Phase 2: Searching for Issues

Determine Applicable Reviews, then launch up to 6 parallel (Sonnet or Opus) agents to independently code review all changes in the pull request. The agents should do the following, then return a list of issues and the reason each issue was flagged (eg. CLAUDE.md or consitution.md adherence, bug, historical git context, etc.).

Available Review Agents:

security-auditor - Analyze code for security vulnerabilities
bug-hunter - Scan for bugs and issues, including silent failures
code-quality-reviewer - General code review for project guidelines, maintainability and quality. Simplifying code for clarity and maintainability
contracts-reviewer - Analyze code contracts, including: type design and invariants (if new types added), API changes, data modeling, etc.
test-coverage-reviewer - Review test coverage quality and completeness
historical-context-reviewer - Review historical context of the code, including git blame and history of the code modified, and previous pull requests that touched these files.

Note: Default option is to run all applicable review agents.

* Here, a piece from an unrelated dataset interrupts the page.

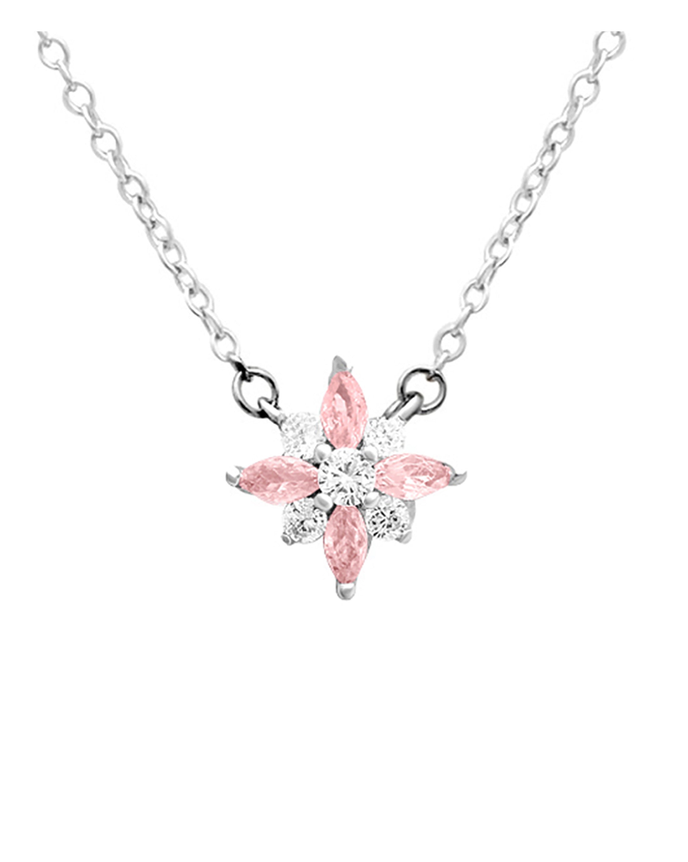 COLLIER EN ARGENT MOTIF FLEUR AVEC ZIRCONIUM BLANCS ET ROSES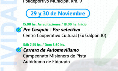El que primero inicia la actividad es el Campeonato Misionero de Pista que hoy arranca con las pruebas libres. En tanto que el sábado, desde las 7,45, se hará la clasificación y el domingo se correrán las finales. Ese mismo día se realizará la inauguración formal del nuevo circuito del AutoMoto Club “Enrique Seeber”.

Determine Applicable Reviews

Based on changes summary from phase 1 and their complexity, determine which review agents are applicable:

If code or configuration changes, except purely cosmetic changes: bug-hunter, security-auditor
if code changes, including business or infrastructure logic, formating, etc.: code-quality-reviewer (general quality)
If code or test files changed: test-coverage-reviewer
If types, API, data modeling changed: contracts-reviewer
If complexity of changes is high or historical context is needed: historical-context-reviewer

Launch Review Agents

Parallel approach:

Launch all agents simultaneously
Provide to them full list of modified files and summary of the PR as a context, explicitly highlight which PR they are reviewing, also provide list of files with project guidelines and standards, including README.md, CLAUDE.md and consitution.md if they exist.
Results should come back together

Phase 3: Confidence & Impact Scoring

For each issue found in Phase 2, launch a parallel Haiku agent that takes the PR, issue description, and list of CLAUDE.md files (from step 2), and returns TWO scores:

Confidence Score (0-100) - Level of confidence that the issue is real and not a false positive:

a. 0: Not confident at all. This is a false positive that doesn't stand up to light scrutiny, or is a pre-existing issue. b. 25: Somewhat confident. This might be a real issue, but may also be a false positive. The agent wasn't able to verify that it's a real issue. If the issue is stylistic, it is one that was not explicitly called out in the relevant CLAUDE.md. c. 50: Moderately confident. The agent was able to verify this is a real issue, but it might be a nitpick or not happen very often in practice. Relative to the rest of the PR, it's not very important. d. 75: Highly confident. The agent double checked the issue, and verified that it is very likely it is a real issue that will be hit in practice. The existing approach in the PR is insufficient. The issue is very important and will directly impact the code's functionality, or it is an issue that is directly mentioned in the relevant CLAUDE.md. e. 100: Absolutely certain. The agent double checked the issue, and confirmed that it is definitely a real issue, that will happen frequently in practice. The evidence directly confirms this.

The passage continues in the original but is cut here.